Description of the task: Although the entries contain pictures, copy only their text, exactly as written.
● ● ● ● ● ● ●
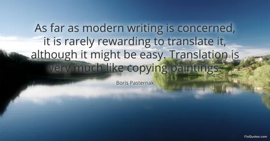 Pasternak, Boris. (2026, January 18). As far as modern writing is concerned, it is rarely rewarding to translate it, although it might be easy. Translation is very much like copying paintings. FixQuotes. https://fixquotes.com/quotes/as-far-as-modern-writing-is-concerned-it-is-7155/
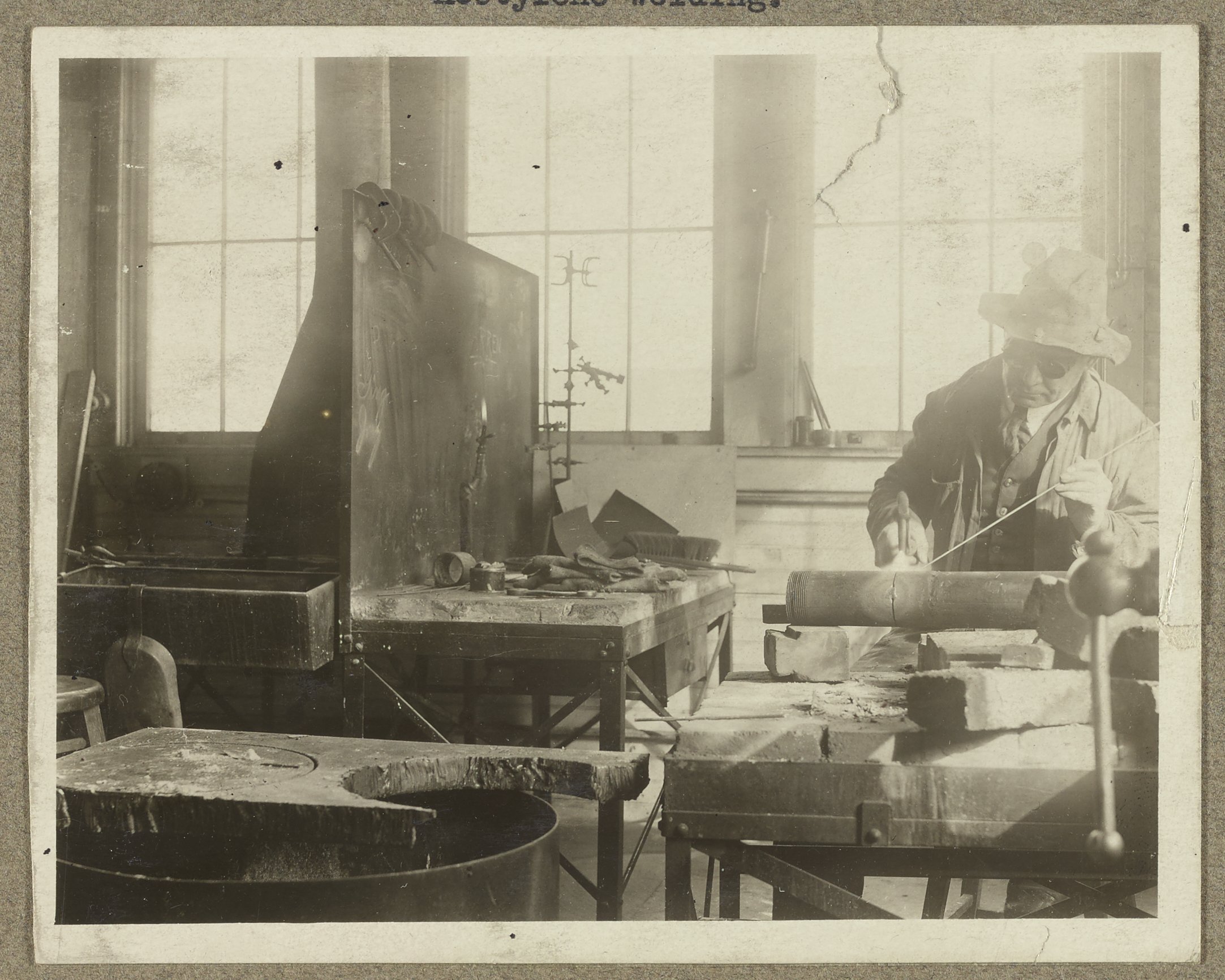 General view of acetylene welding at the U.S. Department of Agriculture's Fixed Nitrogen Research Laboratory located in Washington, D.C. The man visible in the photograph is identified as J.J. Connor. This photograph is believed to have been taken in the electrical shop located at the Laboratory.
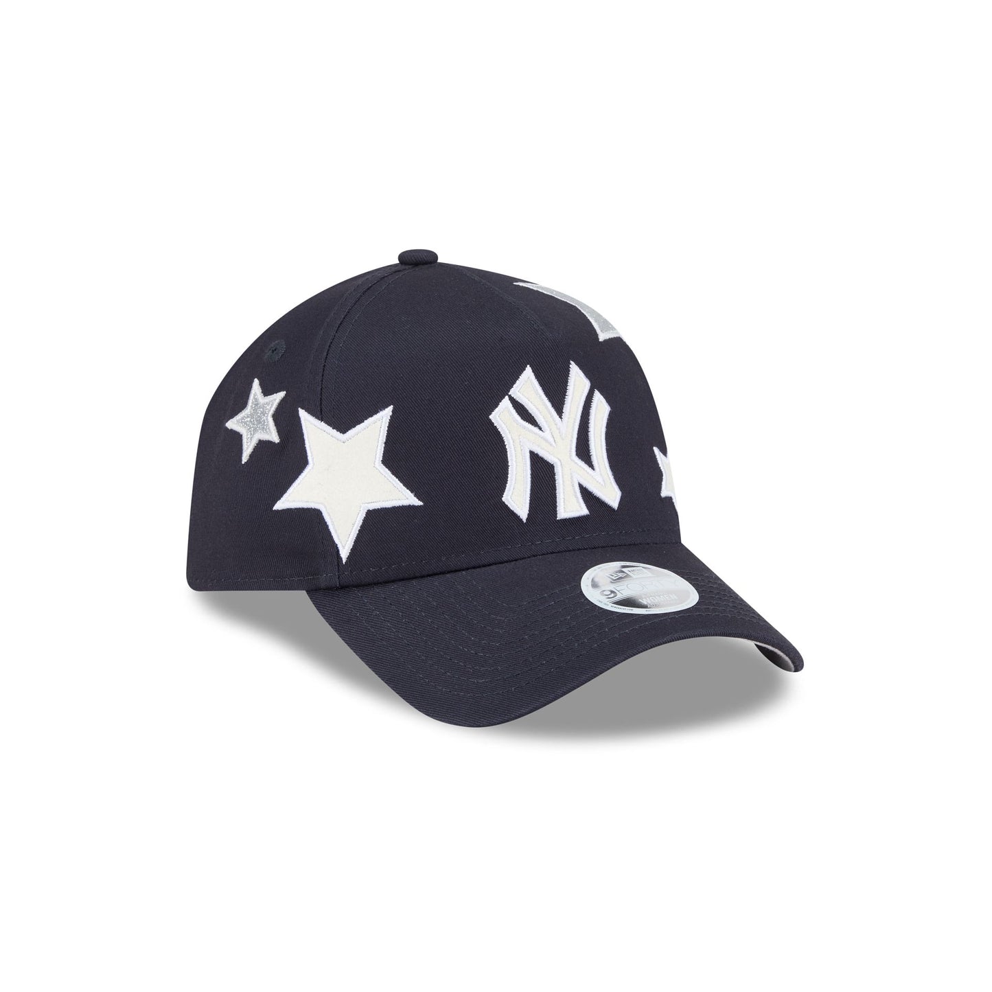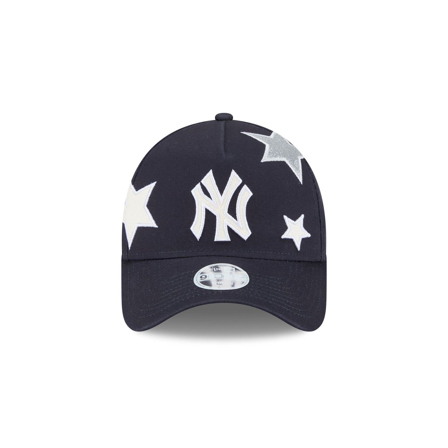 The New York Yankees Stardom Women's 9FORTY A-Frame Snapback features an embroidered Yankees logo at the front panels with sparkle stars throughout and an adjustable snapback closure at the rear.
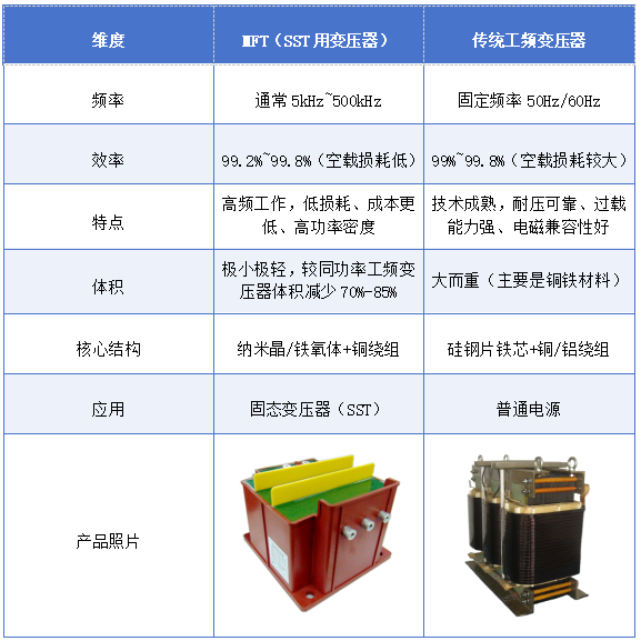 与传统工频变压器相比,其核心优势源于“高频工作”带来的体积、效率、响应速度突破,完美契合SST的小型化、高效化、智能化需求。
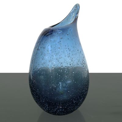 Vaso oblugo in vetro azzurro opaco nello stile Carlo Scarpa
● ● ● ● ● ● ●
Exercise response:
 Pasternak, Boris. (2026, January 18). As far as modern writing is concerned, it is rarely rewarding to translate it, although it might be easy. Translation is very much like copying paintings. FixQuotes. https://fixquotes.com/quotes/as-far-as-modern-writing-is-concerned-it-is-7155/
 General view of acetylene welding at the U.S. Department of Agriculture's Fixed Nitrogen Research Laboratory located in Washington, D.C. The man visible in the photograph is identified as J.J. Connor. This photograph is believed to have been taken in the electrical shop located at the Laboratory.
 The New York Yankees Stardom Women's 9FORTY A-Frame Snapback features an embroidered Yankees logo at the front panels with sparkle stars throughout and an adjustable snapback closure at the rear.
 与传统工频变压器相比,其核心优势源于“高频工作”带来的体积、效率、响应速度突破,完美契合SST的小型化、高效化、智能化需求。
 Vaso oblugo in vetro azzurro opaco nello stile Carlo Scarpa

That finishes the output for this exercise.